Başım ağrımaya başlayınca artık sürekli yanımda taşımak zorunda olduğum suyu ve hapları çıkarıp içtim.Galata kuelesinin yuvarlak balkonunda birkaç tur döndüm.
Hatta Kameron Dallas 'Şiir Gibi Kız'dan da biraz okudum.Hafif güneş batmaya başlamıştı.O kadar uzun süre durmuştum ki burda.Biraz daha durmak istedim.Güneşin turuncu ışıklarını izlemek...
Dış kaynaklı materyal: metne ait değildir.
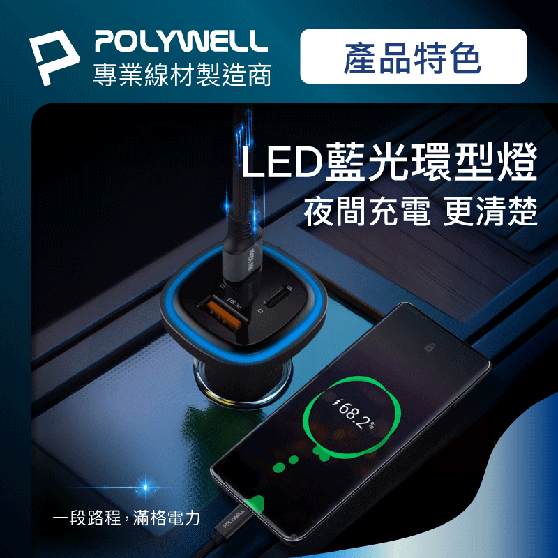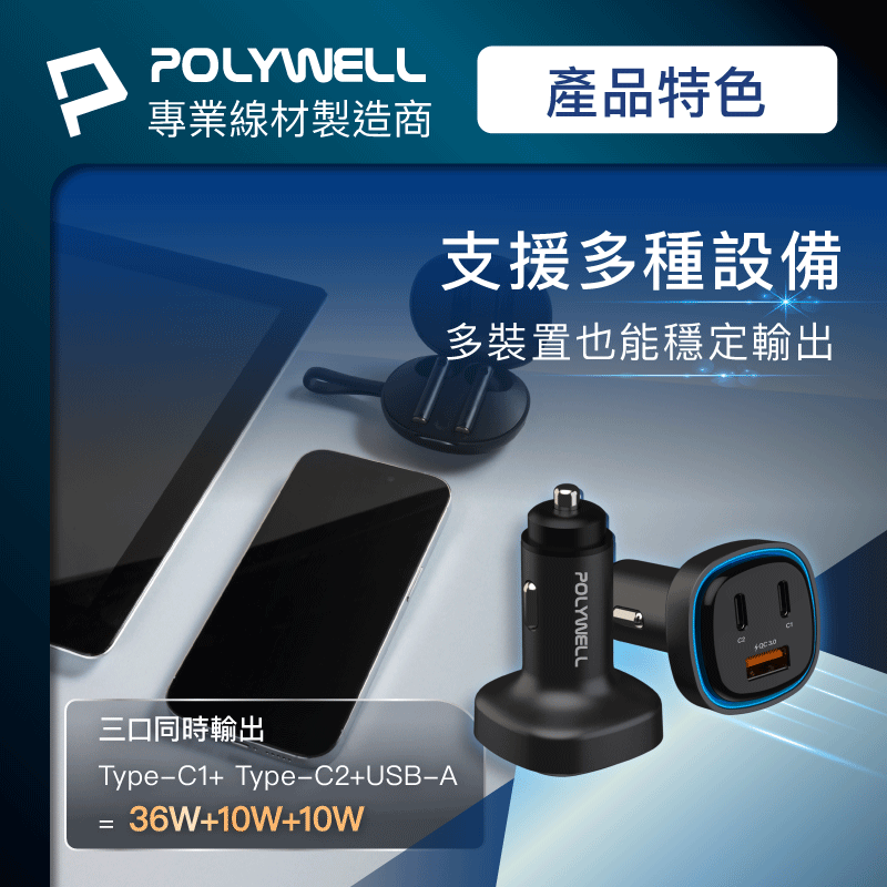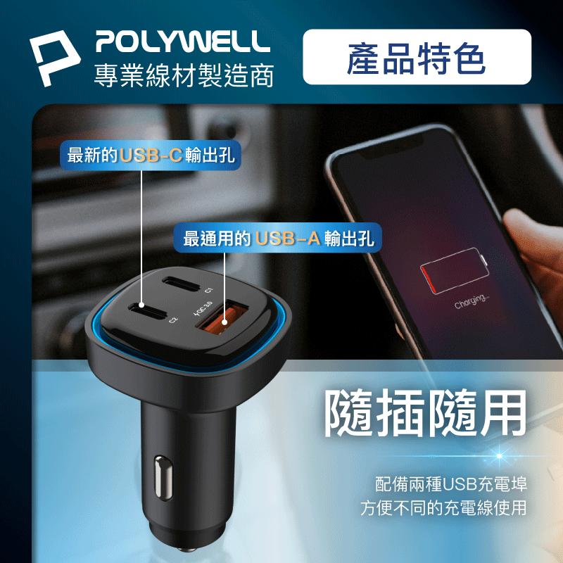 ◎ 產品: 66W車用快速充電器 (Type-Cx2+USB-A)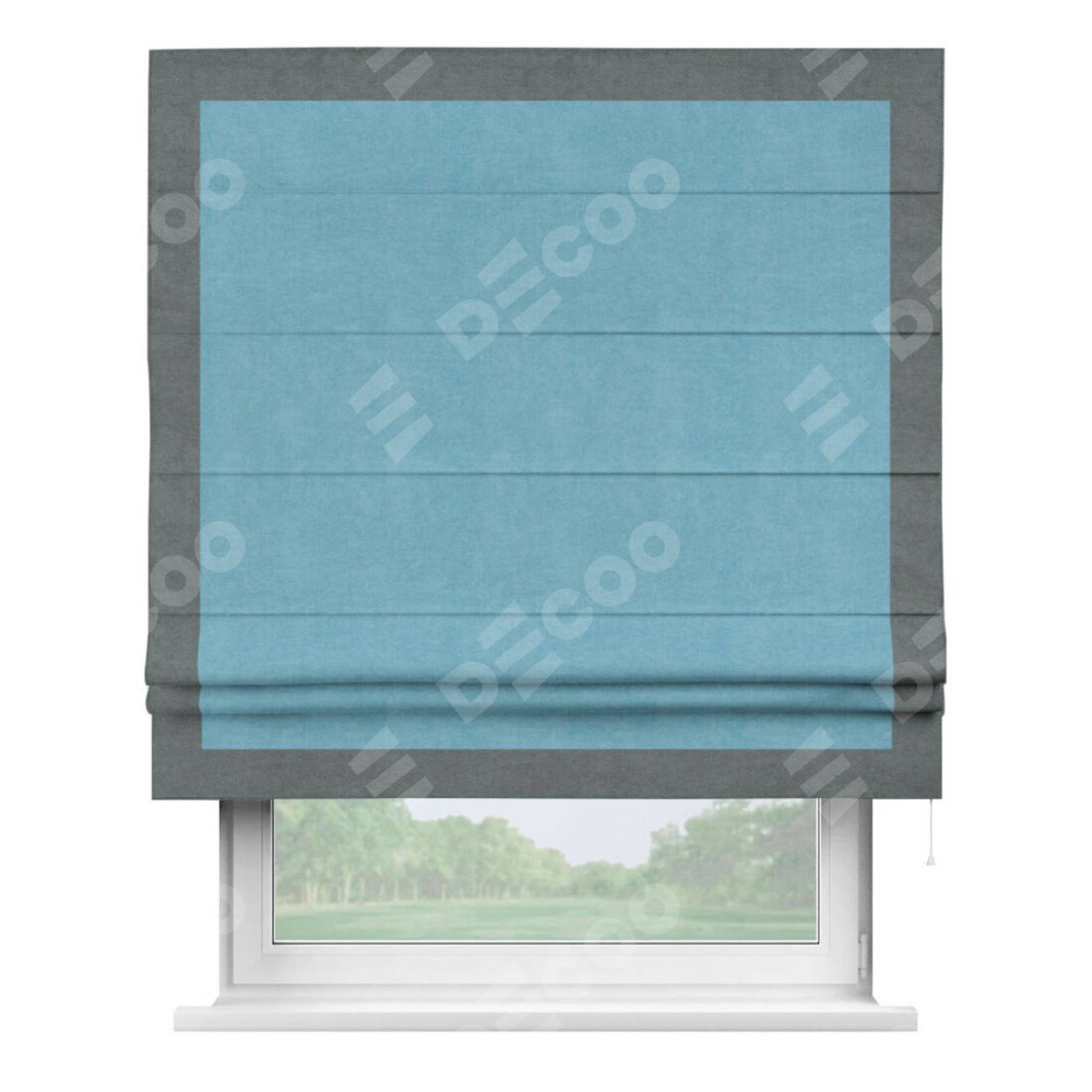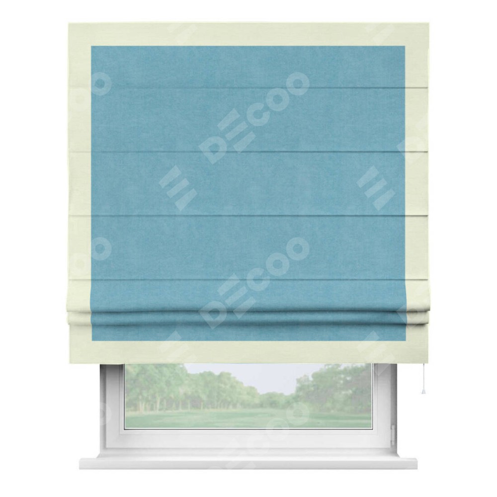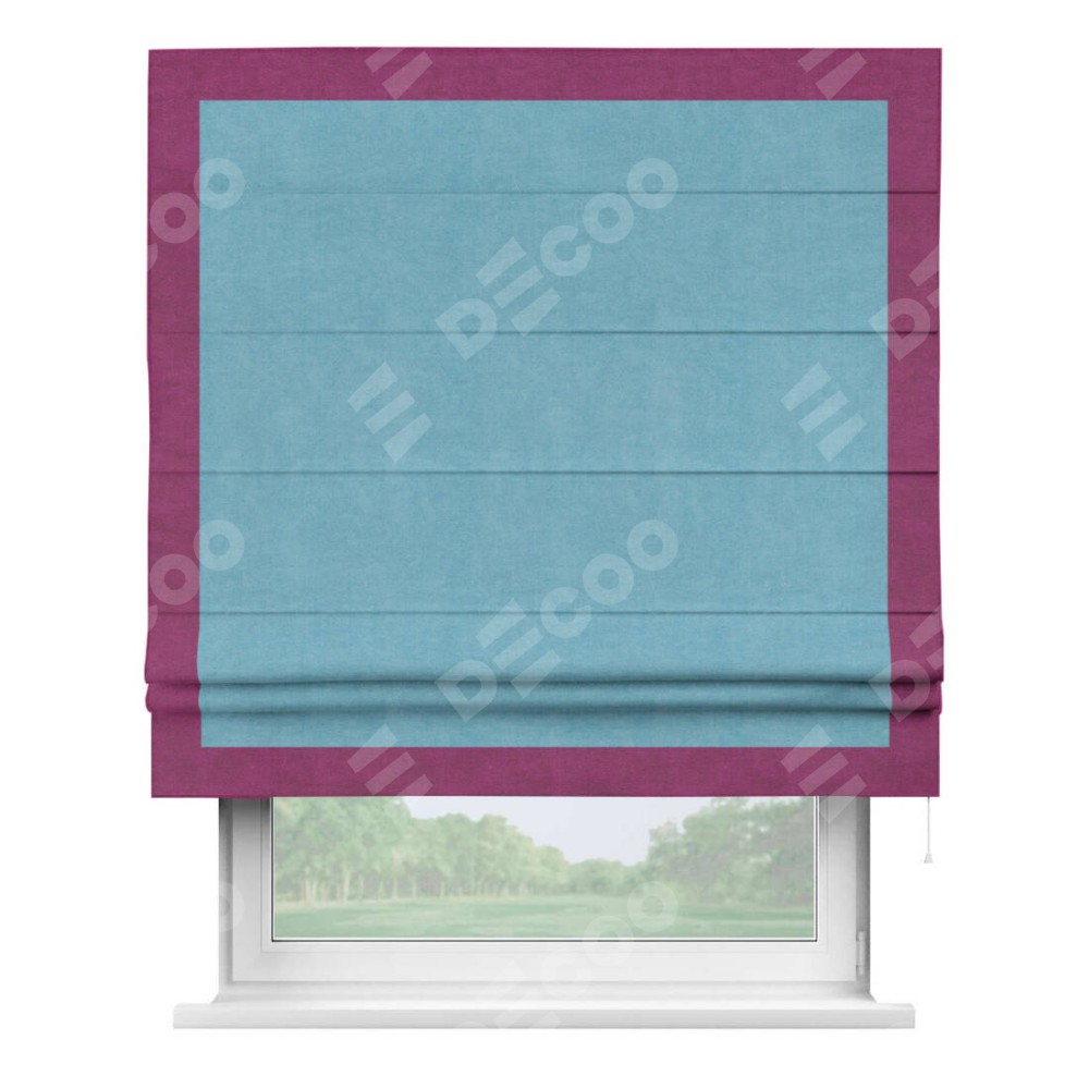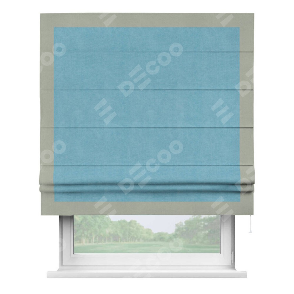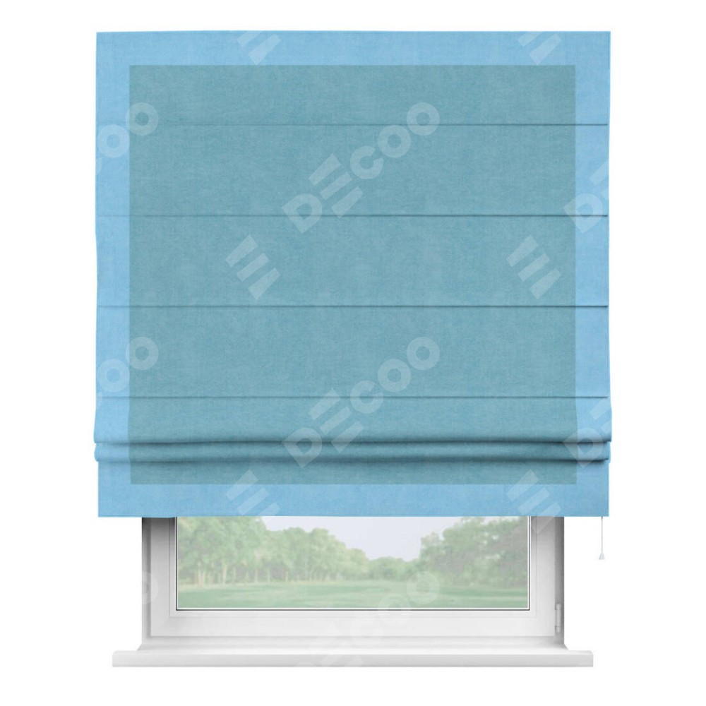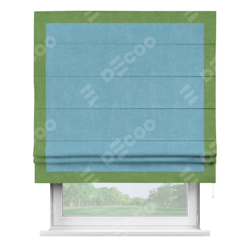 Римская штора «Кортин» с кантом Чесс, для проема, ткань вельвет ментоловый

Güneş yokolmaya başlayınca tahta kapıya ilerledim.Baya zorladım ama kapı açılmadı.
''Yahu açıl-açılsana!!''
''Ya neden açılmıyosn?!''
''Yaaaa açıllll!!''
Son çare olarak Borayı aradım.2 çalışta açtı.
''Efendim?''
''Bora ben kapalı kaldım.''
''Nerde?!''
''Galata kulesinde.''
''Şaka dimi bu?''
''Hayır gayet ciddiyim.Zaten şaka yapacak surumda olduğum da söylenemez ya neyse.''
''Eee.Şey tamam.Aaa nasıl yapsak ki.Tamam neyse geliyorum ben.Ve ayrıca! Bunun hesabını çok kötü vereceksin!''
Telefonu kapatınca çektim kulağımdan.Gerçekten kilitli mi kalmıştım yani koskoca galata kuelesinde.Çok gerizekalıyım lanet olsun.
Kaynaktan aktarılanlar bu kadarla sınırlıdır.